Model may be estimated first with validation data and then with test data. Both confusion matrix and classification report are generated.

In [None]:
def estimateModel(clf, x_test, y_test):
    test_predictions = clf.predict(x_test)
    print('Confusion matrix: \n', confusion_matrix(y_test, test_predictions))
    print('Classification report: \n', classification_report(y_test, test_predictions))

### Predict classification based on the data image and save it

In [None]:
def predictImage(modelName):
    start_time = time.time()    
    
    #Set file paths
    classifiedImageFile = os.path.join(outputBaseFolder, ('classification_' + modelName + '.tif'))
    modelFile = os.path.join(outputBaseFolder, ('model_' + modelName + '.sav'))    
         
    #Load the model from the saved file
    trained_model = load(modelFile)

    # predict the class for each pixel
    prediction = trained_model.predict(pixels)

    # Reshape back to 2D
    print('Prediction shape in 1D: ', prediction.shape)
    prediction2D = np.reshape(prediction, (image_data.shape[1], image_data.shape[2]))
    print('Prediction shape in 2D: ', prediction2D.shape)

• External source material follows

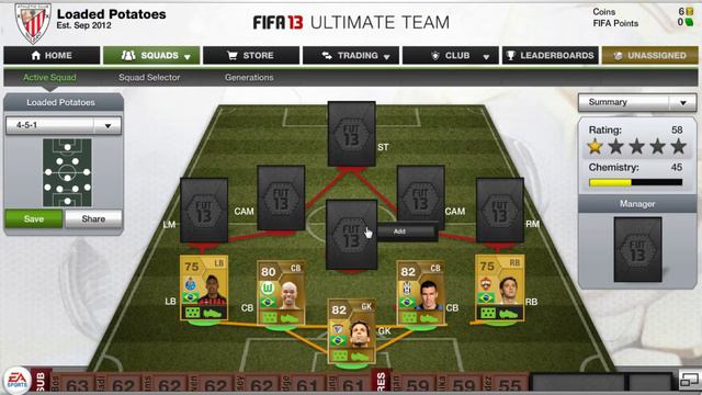 A Fifa 13 Ultimate Team hybrid squad builder with brazilian players, and players from the Russian League. Total Cost of the Team - 25750 TEAM RATINGS Overall- 80 Offense - 82 Midfield - 80 Defense - 78 Goalkeeper - 82 PLAYER PRICES!!! ST - Doumbia - 3800 CAM - Carlos Eduardo - 2600 CAM - Honda - 1300 LM - Michel Bastos - 6000 RM - McGeady - 1700 CM - Romulo - 300 LB - Alex Sandro - 450 CB - Naldo - 2700 (Steal) CB - Lucio - 5600 RB - Mario Fernandez - 500 GK - Artur Moraes - 800 Total - 25750 Please ╔═╦══╦══╦══╦═╦═╦╦══╦╗ ║╔╣║║║║║║║║║═╣║║╠╗╔╣║ ║╚╣║║║║║║║║║═╣║║║║║╠╣ ╚═╩══╩╩╩╩╩╩╩═╩╩═╝╚╝╚╝ And ╔╦╦══╦══╦═╦╗ ║╔╣║║╠╗╔╣═╣║ ║║║╔╗║║║║═╬╣ ╚╝╚╝╚╝╚╝╚═╩╝ AND ╔═╦╗╔╦╗╔═╦═╦╦╦╦╗╔═╗ ║╚╣║║║╚╣╚╣╔╣╔╣║╚╣═╣ ╠╗║╚╝║║╠╗║╚╣║║║║║═╣ ╚═╩══╩═╩═╩═╩╝╚╩═╩═╝ For More videos!!!

    # Save the results as .tif file.
    # Copy metadata from the labels image 
    outputMeta = labels_src.meta
    # Writing the image on the disk
    with rasterio.open(classifiedImageFile, 'w', **outputMeta) as dst:
        dst.write(prediction2D, 1)
    print('Predicting took: ', round((time.time() - start_time), 1), ' seconds')

### Random forest     

In [None]:
classifierName = 'random_forest'
# Initialize the random forest classifier and give the hyperparameters.
clf_random_forest = RandomForestClassifier(n_estimators=200, max_depth=75, random_state=0, n_jobs=n_jobs)
clf_random_forest = trainModel(x_train, y_train, clf_random_forest, classifierName)
estimateModel(clf_random_forest, x_validation, y_validation) #Validation data

*Feel free, to modify some some of the hyper-parameters above to get better results.*
And then see with test data, if the modifications help also for previously unseen data.

In [None]:
estimateModel(clf_random_forest, x_test, y_test) #Test data
predictImage(classifierName)

In [None]:
print('Feature importances:')
classnames = ['blue-may', 'blue-july', 'green-may', 'green-july', 'red-may', 'red-july', 'infrared-may', 'infrared-july']
for importance in list(zip(classnames,clf_random_forest.feature_importances_)):
    print(importance)

### Stochastic Gradient Decent

In [None]:
classifierName = 'SGD'    
clf_SGD = SGDClassifier(loss="log_loss", learning_rate='adaptive', eta0=.1, alpha=1e-5,  n_jobs=n_jobs, max_iter=2000, penalty='l1') #
clf_SGD = trainModel(x_train, y_train, clf_SGD, classifierName)
estimateModel(clf_SGD, x_validation, y_validation) #Validation data

In [None]:
estimateModel(clf_SGD, x_test, y_test) #Test data
predictImage(classifierName)

### Gradient Boosting   

In [None]:
classifierName = 'gradient_boosting'    
clf_gradient_boosting = GradientBoostingClassifier(n_estimators=1000, learning_rate=.05)
clf_gradient_boosting = trainModel(x_train, y_train, clf_gradient_boosting, classifierName)
estimateModel(clf_gradient_boosting, x_validation, y_validation) #Validation data

In [None]:
estimateModel(clf_gradient_boosting, x_test, y_test) #Test data
predictImage(classifierName)

In [None]:
print('Feature importances:')
classnames = ['blue-may', 'blue-july', 'green-may', 'green-july', 'red-may', 'red-july', 'infrared-may', 'infrared-july']
for importance in list(zip(classnames,clf_gradient_boosting.feature_importances_)):
    print(importance)    

### SVM Support Vector Classifier

*SVM is slower than others, wait a moment.*

In [None]:
classifierName = 'SVM'        
clf_svc = SVC(kernel='rbf', gamma='auto',  decision_function_shape='ovr')
clf_svc = trainModel(x_train, y_train, clf_svc, classifierName)
estimateModel(clf_svc, x_validation, y_validation) #Validation data

## 5.5 Grid Search for SVC

Different models have different settings (hyperparameters) that can be used for searching best model. Grid search is one option to automatically search for better option. For more options in hyperparameter search see [CSC machine learning guide](https://docs.csc.fi/support/tutorials/hyperparameter_search/)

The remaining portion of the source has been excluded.